A framework to share knowledge

This website contains detailed information about the objects in the Hunterian and Kew collections; considerable time was spent on researching the history of the Hunterian collection in particular, and both groups of objects are now much better understood in terms of their provenance, materials, techniques and cultural histories. It also contains links to other collections which the researchers drew upon and information about the collectors who brought them to the UK. You will also find information on the plants and other materials used to make barkcloth, the making processes and the Pacific islands where tapa was made.

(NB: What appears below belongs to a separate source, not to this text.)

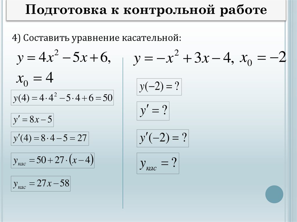 Подготовка к контрольной работе4) Составить уравнение касательной:

The Hunterian and Kew collections are not evenly spread across Oceania – some regions, such as Hawai‘i and Tahiti are much better represented than others. However, the website has been constructed to create an overall framework and we hope it may be possible to add information on barkcloth collections in other museums and to create a more comprehensive picture. We include information on a range of cloth types found across Oceania but please note the list included here is not exhaustive, as it is based primarily on the cloth types represented in the two collections.

Ongoing development

We are still in the process of constructing the website – information on aspects of making barkcloth and on the objects in the Hunterian and Kew collections will be added soon. We welcome all comments, both on the content and the way it is presented. The information on the objects and techniques of making barkcloth represents our research to date – if you can add further information, please let us know so that we can update the records. We’d also welcome feedback on the way the information is presented.